I ran a piece last week about the two Alexander the Great movies supposedly being prepped -- Oliver Stone's with Colin Farrell in the lead, and Baz Luhrman's with Leonardo DiCaprio, which won't be rolling until Leo finishes a Howard Hughes biopic, THE AVIATOR, which is expected to occupy him from April until the late summer of '03.

Anyway, I asked readers which Alexander they're more interested in seeing...

"Right now, Baz Luhrmann is a much stronger director than Oliver Stone. Baz's three films are handsome, exciting, rapturous and lyrical, whereas Stone's last few efforts have been heavy-handed, overlong, obnoxious, and uncertain. DiCaprio and Farrell are both talented actors, but I don't care about them so much as the man behind the camera, and if I could only see one Alexander biopic, it would have to be from the man who has done Shakespeare and musicals, not the one who has done football operas and Nixon gasbags." -- Zach Ralston, Los Angeles

"I guess I'd rather see Stone's version because I know that he can capture the ambition and ferocity of the Macedonian conquest, even though Colin Farrell is an iffy choice for the lead role -- why did Heath Ledger drop out anyway? While Baz's epic could be visually arresting, my gut says it'll become over-the-top and devolve into his trademark operatic goofiness. Still, Leo might make a better Alexander than Farrell. If only Stone and Leo could've teamed up to start with." -- Jim Bookman

"I would rather see Baz Luhrman's Alexander than Oliver Stone's. Though I do occasionally find DiCaprio to be a tad irritating and his last pairing with Luhrman (ROMEO + JULIET) unsatisfying, I've always found Oliver Stone's films to be overly pedantic, overlong, and for the most part boring. They're both known for their kind of beat-you-over-the-head-with-the-theme styles, Luhrman at least paces his movies so they never tire. And he doesn't seem to approach his films with the same tired, extremely liberal political agenda like Stone does.
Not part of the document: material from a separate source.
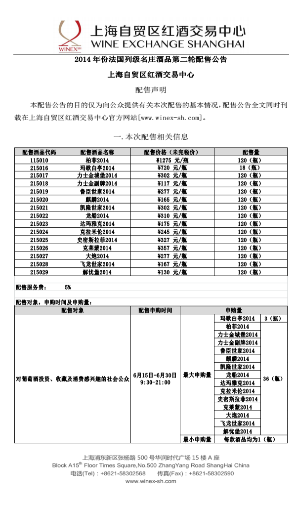 2014年份法国列级名庄酒品第二轮配售公告

Even ANY GIVEN SUNDAY had all that Native American music on the soundtrack, which irritated and distracted me to no end(as did most of the rest of the movie, but that's another story)." -- Basil Swartzfager

"I'll see both Alexander movies if they're made, but if I could only see one, I think I'd wait for Baz's. Baz and Oliver are two of the biggest over-rated directors working right now, so it would come down to the actor for me, and I'd more interested in what Leo could do with the role than Colin." -- John English

"Though I'm not sure what Luhrman will do with it, and though I suspect his peculiar style might be jarring or even alienating in the context of a biopic set in the distant past, surely it will be more interesting than what Oliver Stone would do with the story. Can you imagine all the soapboxing about empire and megalomania he'll put into it? Add to that the possibility that Luhrman will decide to play it straight, drop his fascinating gimmicks and make a more traditional historical film. To me that's far and away the more appealing (or at least intriguing) prospect." -- Jennifer Heisler

Streaks

"I absolutely adore your column - it's the single best column out now about the industry. I tell everyone I know about it. Many thanks for the enjoyment. Having worked on SOLARIS and knowing Soderbergh's Oscar pedigree, why hasn't it turned up in your Oscar Balloon? Have you heard negative things, or are you merely withholding judgment?: -- Mike Malone

Wells to Malone: I've seen and heard nothing, apart from some Ain't It Cool News postings which have been hot and cold. I'm worried, though. I think luck comes and goes in streaks, and I think whatever cosmic force or entity that enabled Soderbergh to turn out all those great films one after another (OUT OF SIGHT, THE LIMEY, BROCKOVICH, TRAFFIC) has now come back to him and said, "Okay, it's time to go the other way...the streak is over." I don't care how much money it made; OCEAN'S 11 was a bust for me. And FULL FRONTAL has just collapsed in retrospect. So I'm thinking maybe he's got a curse chasing him. I hope I'm wrong, and would love it if SOLARIS turns out well.

Silence

"Has anyone explained why Tarantino did a commentary track with Tony Scott on the just-out special edition of TRUE ROMANCE and skipped chatting on the special edition DVDs of his three directorial efforts - RESERVOIR DOGS, PULP FICTION and JACKIE BROWN?" -- Joe Corey

Wells to Corey: Tarantino's rep Bumble Ward writes that "Quentin is cool with other directors doing commentary on DVDs but doesn't hold with doing them on his own movies. There is actually some brief commentary on RESERVOIR DOGS but this is from an interview he did for the DVD -- it wasn't intended as commentary. I don't know that he did that stuff with Tony but he loves Tony and TRUE ROMANCE is his favorite of the non-QT-directed QT scripts, if you know what I mean. Plus TRUE ROMANCE isn't officially a QT movie so the rules I stated at the beginning apply. Hope this helps -- I'm driving and typing with thumbs."

Bash

"Did SWEPT AWAY really deserve all those horrific reviews? I've heard opinions like "stinky beyond imagination," and I read that New York Daily News gave it an unprecedented zero stars. But I'm guessing even you'll agree that it's not even the worst movie of 2002. It's not the worst Madonna movie either (SHANGHAI SURPRISE takes that cake). In fact, I enjoyed some parts of it, and the audience that I saw it with seemed to be into it also.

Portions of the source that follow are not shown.